» Problem description
Pictures are to be dropped from the copy. Retype the listing exactly.

» Information shown
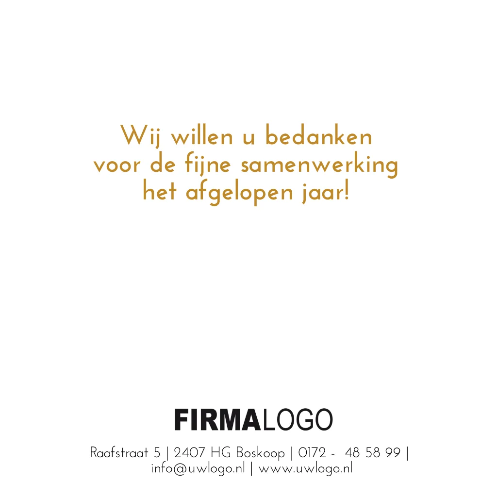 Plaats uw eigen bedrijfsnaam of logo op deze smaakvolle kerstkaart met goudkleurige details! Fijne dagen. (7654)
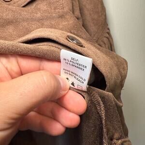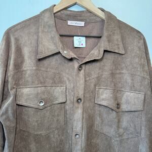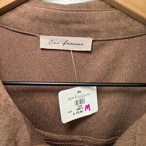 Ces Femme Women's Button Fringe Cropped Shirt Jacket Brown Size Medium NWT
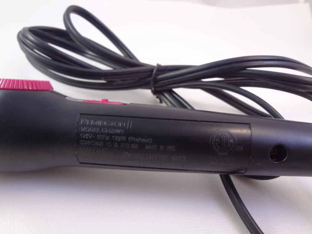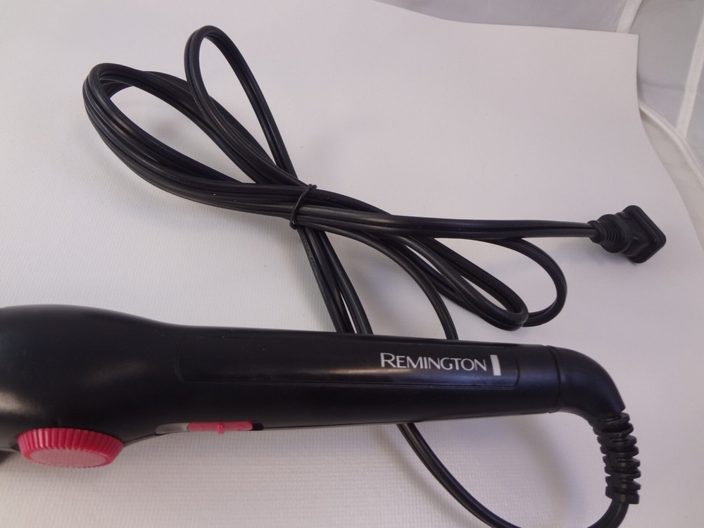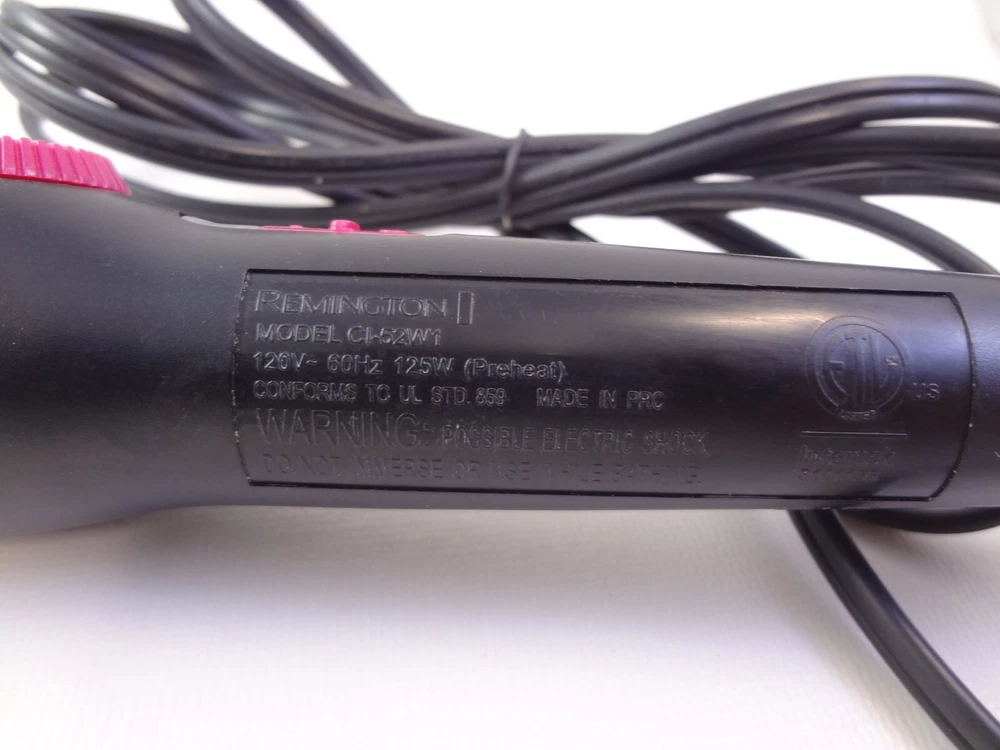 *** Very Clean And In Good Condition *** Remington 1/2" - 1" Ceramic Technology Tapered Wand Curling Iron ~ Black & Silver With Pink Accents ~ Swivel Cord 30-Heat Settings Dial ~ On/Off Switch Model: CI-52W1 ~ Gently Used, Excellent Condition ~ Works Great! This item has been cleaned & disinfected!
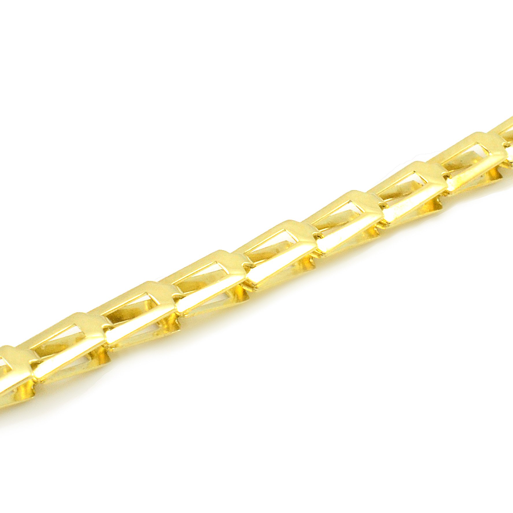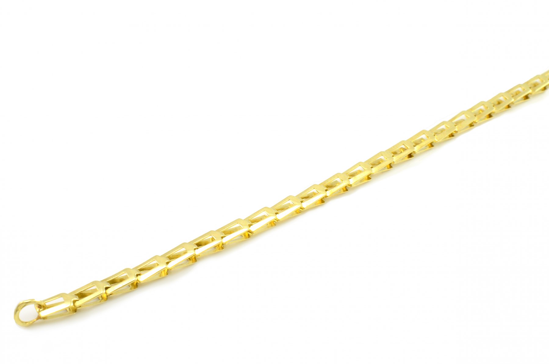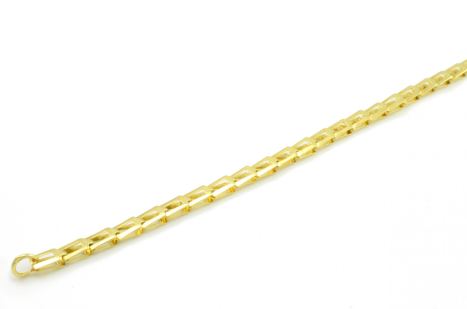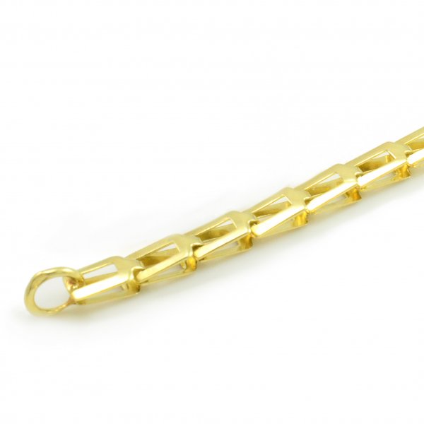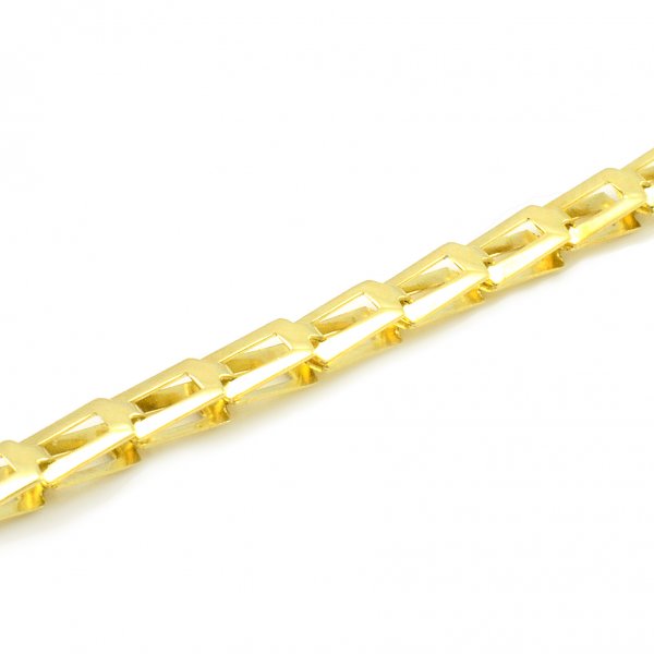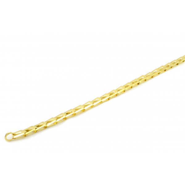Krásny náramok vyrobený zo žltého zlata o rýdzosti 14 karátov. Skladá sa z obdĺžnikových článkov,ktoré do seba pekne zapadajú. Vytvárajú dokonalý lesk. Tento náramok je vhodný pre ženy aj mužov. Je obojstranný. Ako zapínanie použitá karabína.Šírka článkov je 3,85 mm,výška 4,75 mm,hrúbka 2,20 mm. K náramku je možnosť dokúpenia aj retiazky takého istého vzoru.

» Finished exercise
 Plaats uw eigen bedrijfsnaam of logo op deze smaakvolle kerstkaart met goudkleurige details! Fijne dagen. (7654)
 Ces Femme Women's Button Fringe Cropped Shirt Jacket Brown Size Medium NWT
 *** Very Clean And In Good Condition *** Remington 1/2" - 1" Ceramic Technology Tapered Wand Curling Iron ~ Black & Silver With Pink Accents ~ Swivel Cord 30-Heat Settings Dial ~ On/Off Switch Model: CI-52W1 ~ Gently Used, Excellent Condition ~ Works Great! This item has been cleaned & disinfected!
Krásny náramok vyrobený zo žltého zlata o rýdzosti 14 karátov. Skladá sa z obdĺžnikových článkov,ktoré do seba pekne zapadajú. Vytvárajú dokonalý lesk. Tento náramok je vhodný pre ženy aj mužov. Je obojstranný. Ako zapínanie použitá karabína.Šírka článkov je 3,85 mm,výška 4,75 mm,hrúbka 2,20 mm. K náramku je možnosť dokúpenia aj retiazky takého istého vzoru.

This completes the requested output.